→ Data items
:::::

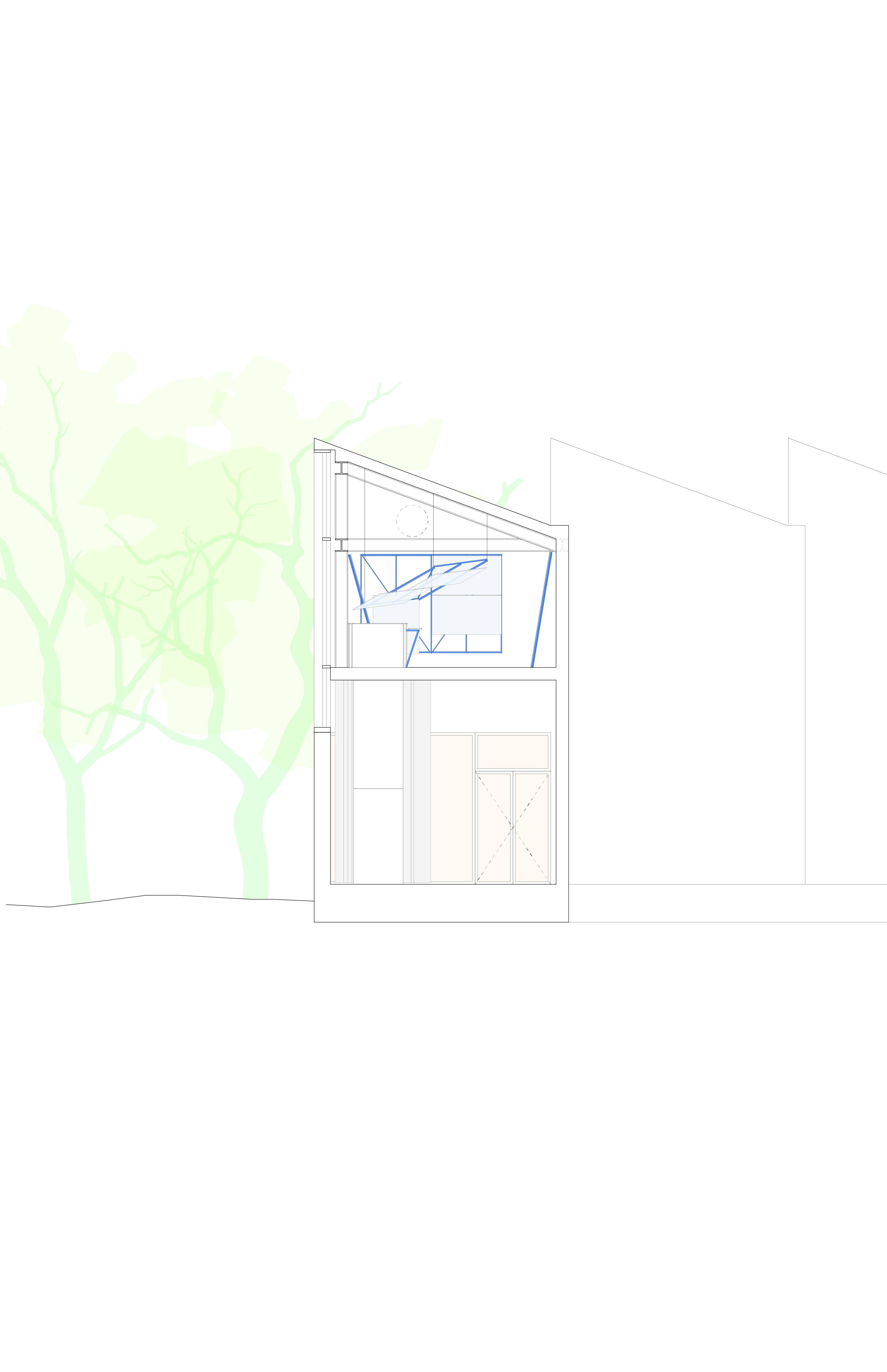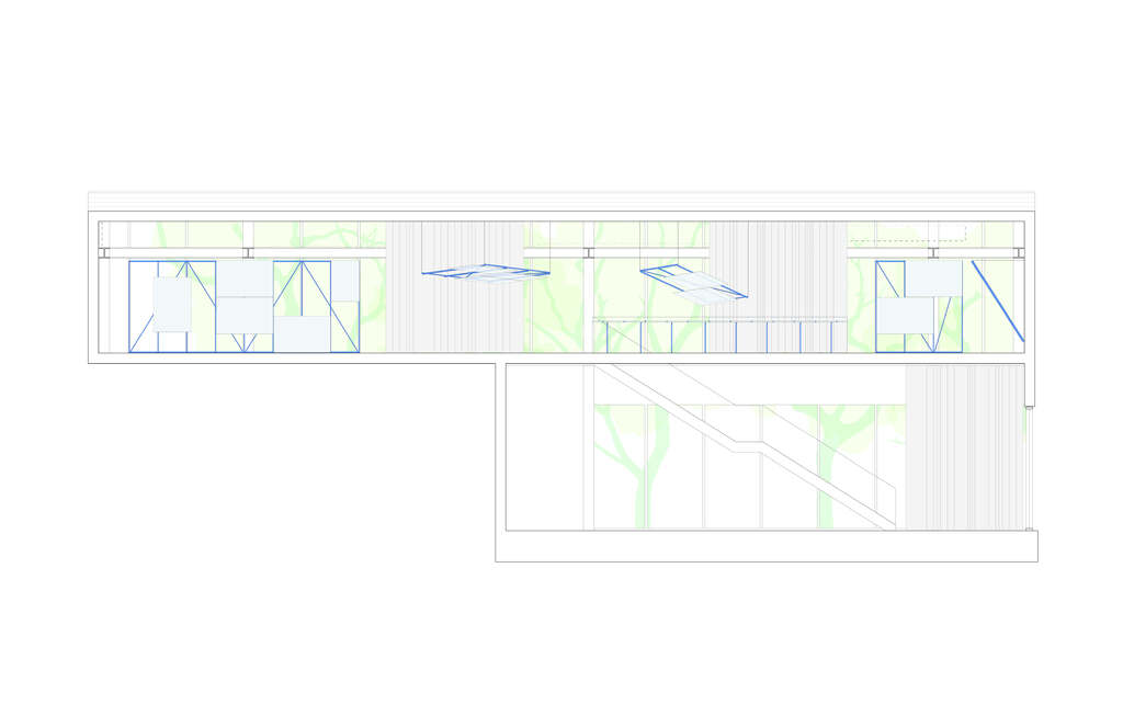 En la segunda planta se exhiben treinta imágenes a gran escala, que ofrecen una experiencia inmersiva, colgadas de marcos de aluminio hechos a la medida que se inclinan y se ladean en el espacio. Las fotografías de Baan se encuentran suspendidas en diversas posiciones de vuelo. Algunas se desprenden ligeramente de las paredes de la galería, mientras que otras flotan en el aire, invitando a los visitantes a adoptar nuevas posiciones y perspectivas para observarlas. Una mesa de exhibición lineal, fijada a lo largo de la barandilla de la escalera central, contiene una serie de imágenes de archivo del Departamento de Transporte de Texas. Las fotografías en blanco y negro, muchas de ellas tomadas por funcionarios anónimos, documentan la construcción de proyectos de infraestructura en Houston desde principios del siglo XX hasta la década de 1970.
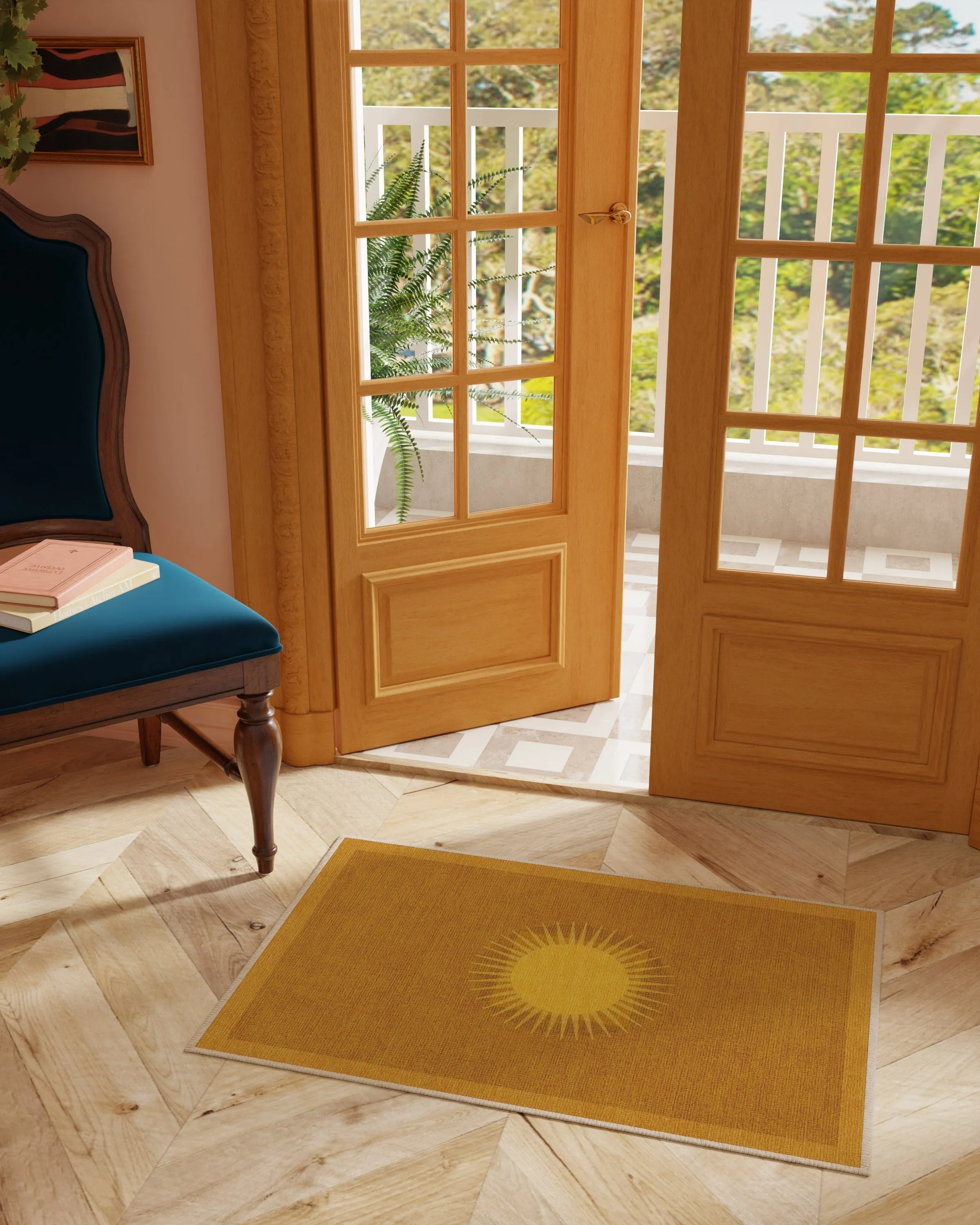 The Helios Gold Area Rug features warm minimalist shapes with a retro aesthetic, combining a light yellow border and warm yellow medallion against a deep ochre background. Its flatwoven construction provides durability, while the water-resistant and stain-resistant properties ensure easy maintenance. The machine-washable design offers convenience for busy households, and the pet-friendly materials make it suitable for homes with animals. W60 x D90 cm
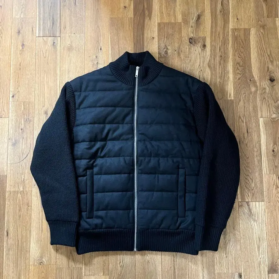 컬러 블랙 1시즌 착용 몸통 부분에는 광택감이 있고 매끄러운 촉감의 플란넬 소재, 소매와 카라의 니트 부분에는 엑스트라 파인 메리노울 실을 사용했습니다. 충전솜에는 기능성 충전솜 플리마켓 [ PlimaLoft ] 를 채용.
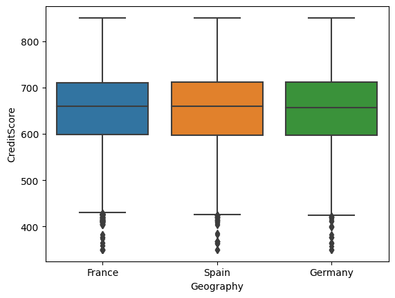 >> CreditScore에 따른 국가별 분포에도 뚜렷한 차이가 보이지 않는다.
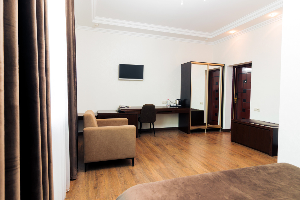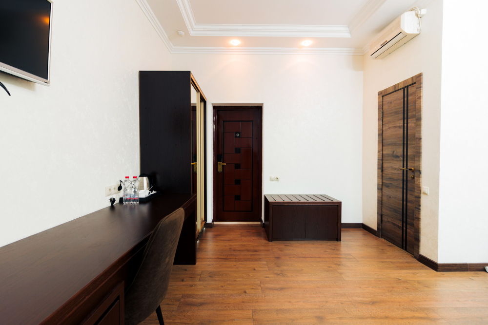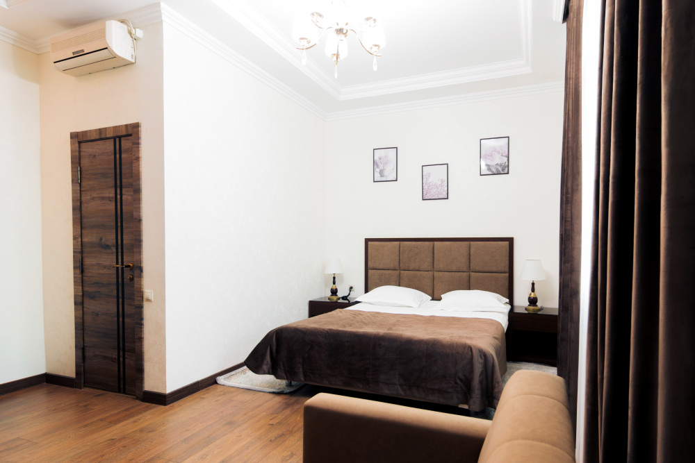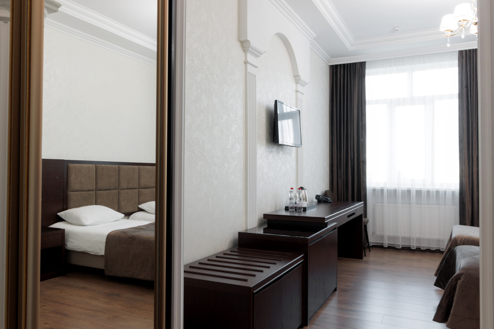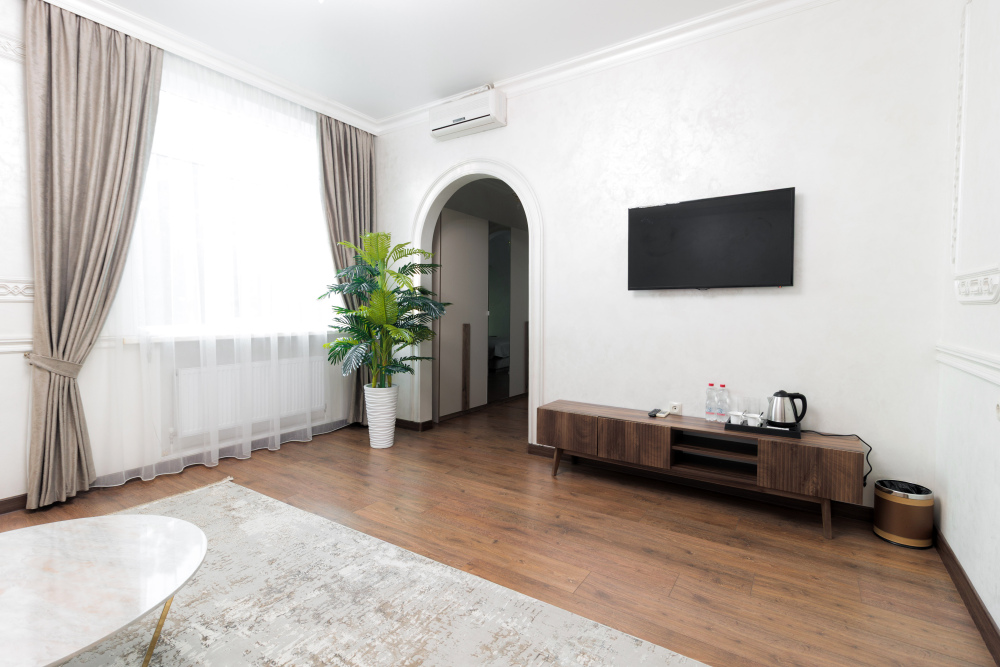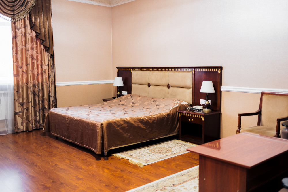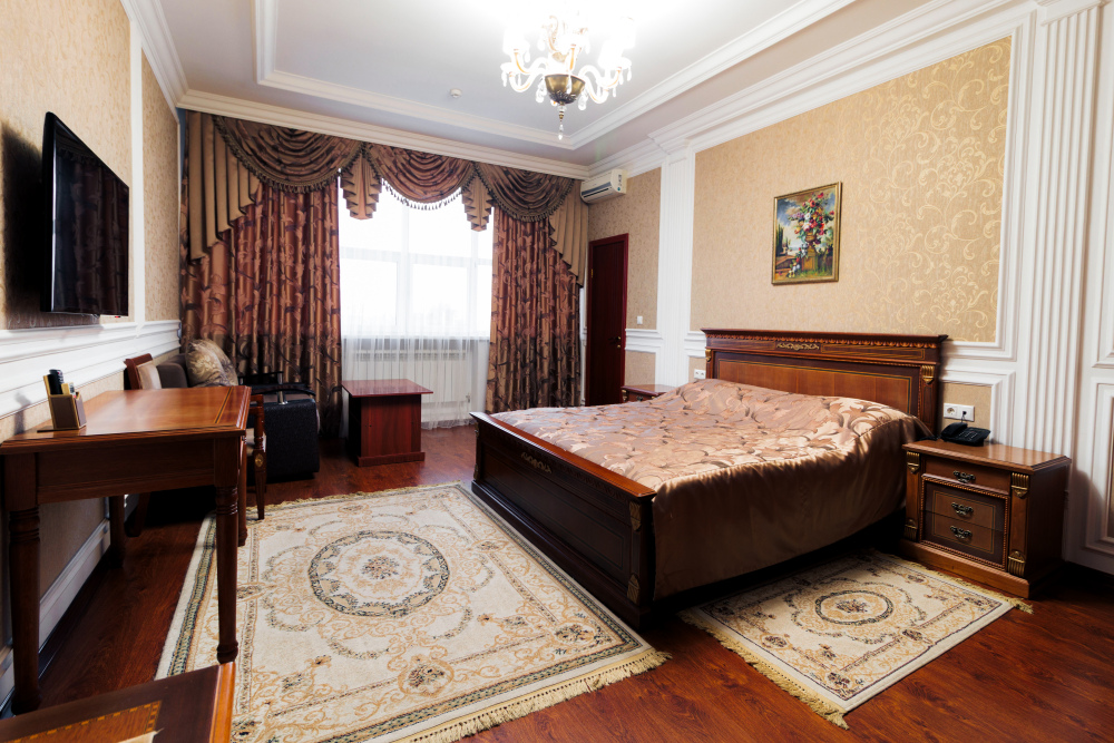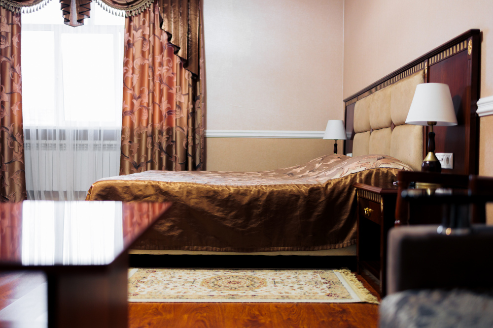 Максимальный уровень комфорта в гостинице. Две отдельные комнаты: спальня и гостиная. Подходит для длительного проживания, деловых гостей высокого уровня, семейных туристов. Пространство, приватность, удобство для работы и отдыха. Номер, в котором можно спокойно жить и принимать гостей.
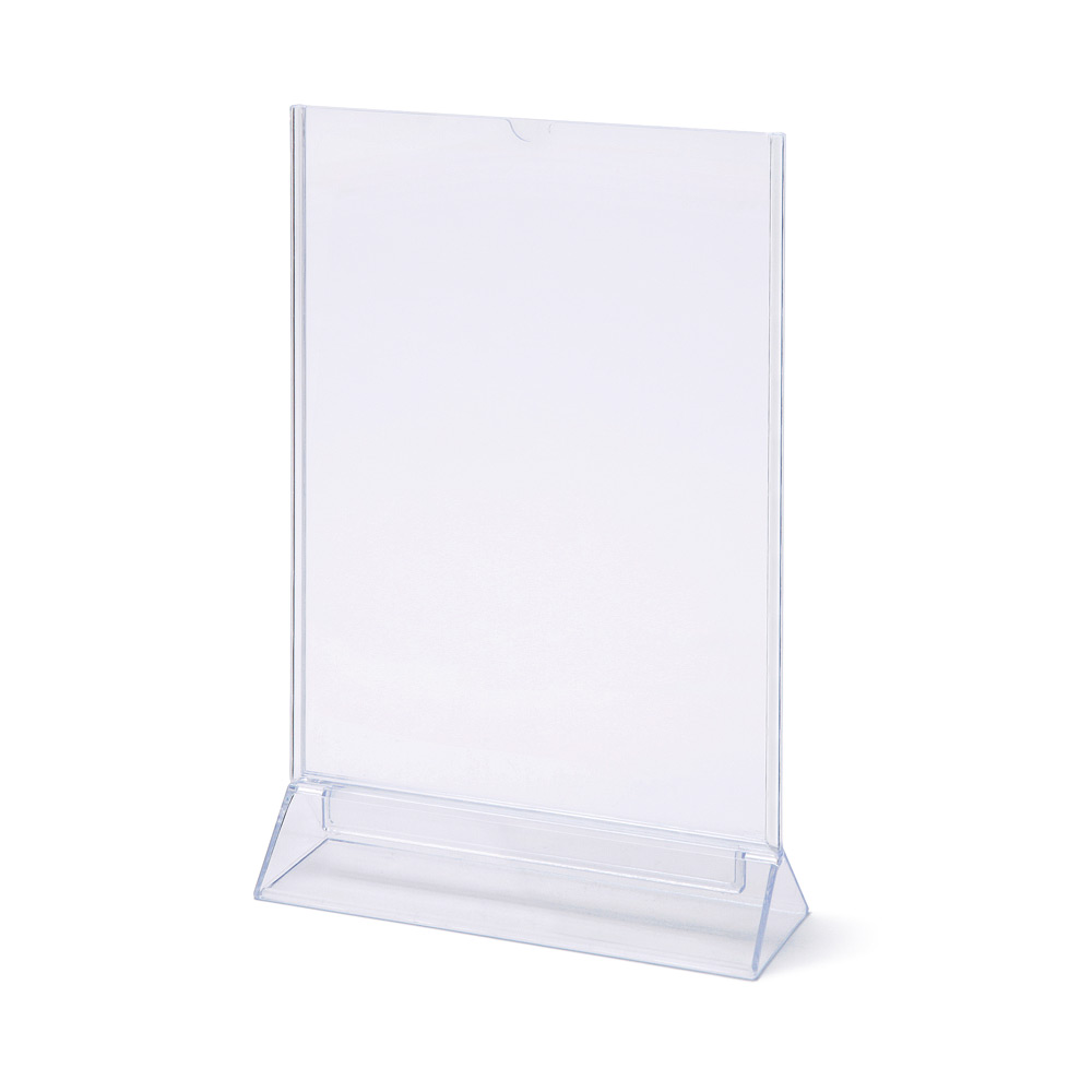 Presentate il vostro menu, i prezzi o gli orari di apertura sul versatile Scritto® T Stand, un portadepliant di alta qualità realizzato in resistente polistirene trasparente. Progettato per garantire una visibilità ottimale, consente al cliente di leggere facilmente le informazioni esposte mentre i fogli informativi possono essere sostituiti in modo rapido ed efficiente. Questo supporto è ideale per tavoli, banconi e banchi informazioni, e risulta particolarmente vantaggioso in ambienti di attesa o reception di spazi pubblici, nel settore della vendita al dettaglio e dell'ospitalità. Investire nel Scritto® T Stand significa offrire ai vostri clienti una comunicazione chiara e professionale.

:::::

→ WHAT YOU HAVE TO DO
Produce the entries above once more, exactly as given, with each picture left out.

→ SOLUTION TO THIS EXERCISE
 En la segunda planta se exhiben treinta imágenes a gran escala, que ofrecen una experiencia inmersiva, colgadas de marcos de aluminio hechos a la medida que se inclinan y se ladean en el espacio. Las fotografías de Baan se encuentran suspendidas en diversas posiciones de vuelo. Algunas se desprenden ligeramente de las paredes de la galería, mientras que otras flotan en el aire, invitando a los visitantes a adoptar nuevas posiciones y perspectivas para observarlas. Una mesa de exhibición lineal, fijada a lo largo de la barandilla de la escalera central, contiene una serie de imágenes de archivo del Departamento de Transporte de Texas. Las fotografías en blanco y negro, muchas de ellas tomadas por funcionarios anónimos, documentan la construcción de proyectos de infraestructura en Houston desde principios del siglo XX hasta la década de 1970.
 The Helios Gold Area Rug features warm minimalist shapes with a retro aesthetic, combining a light yellow border and warm yellow medallion against a deep ochre background. Its flatwoven construction provides durability, while the water-resistant and stain-resistant properties ensure easy maintenance. The machine-washable design offers convenience for busy households, and the pet-friendly materials make it suitable for homes with animals. W60 x D90 cm
 컬러 블랙 1시즌 착용 몸통 부분에는 광택감이 있고 매끄러운 촉감의 플란넬 소재, 소매와 카라의 니트 부분에는 엑스트라 파인 메리노울 실을 사용했습니다. 충전솜에는 기능성 충전솜 플리마켓 [ PlimaLoft ] 를 채용.
 >> CreditScore에 따른 국가별 분포에도 뚜렷한 차이가 보이지 않는다.
 Максимальный уровень комфорта в гостинице. Две отдельные комнаты: спальня и гостиная. Подходит для длительного проживания, деловых гостей высокого уровня, семейных туристов. Пространство, приватность, удобство для работы и отдыха. Номер, в котором можно спокойно жить и принимать гостей.
 Presentate il vostro menu, i prezzi o gli orari di apertura sul versatile Scritto® T Stand, un portadepliant di alta qualità realizzato in resistente polistirene trasparente. Progettato per garantire una visibilità ottimale, consente al cliente di leggere facilmente le informazioni esposte mentre i fogli informativi possono essere sostituiti in modo rapido ed efficiente. Questo supporto è ideale per tavoli, banconi e banchi informazioni, e risulta particolarmente vantaggioso in ambienti di attesa o reception di spazi pubblici, nel settore della vendita al dettaglio e dell'ospitalità. Investire nel Scritto® T Stand significa offrire ai vostri clienti una comunicazione chiara e professionale.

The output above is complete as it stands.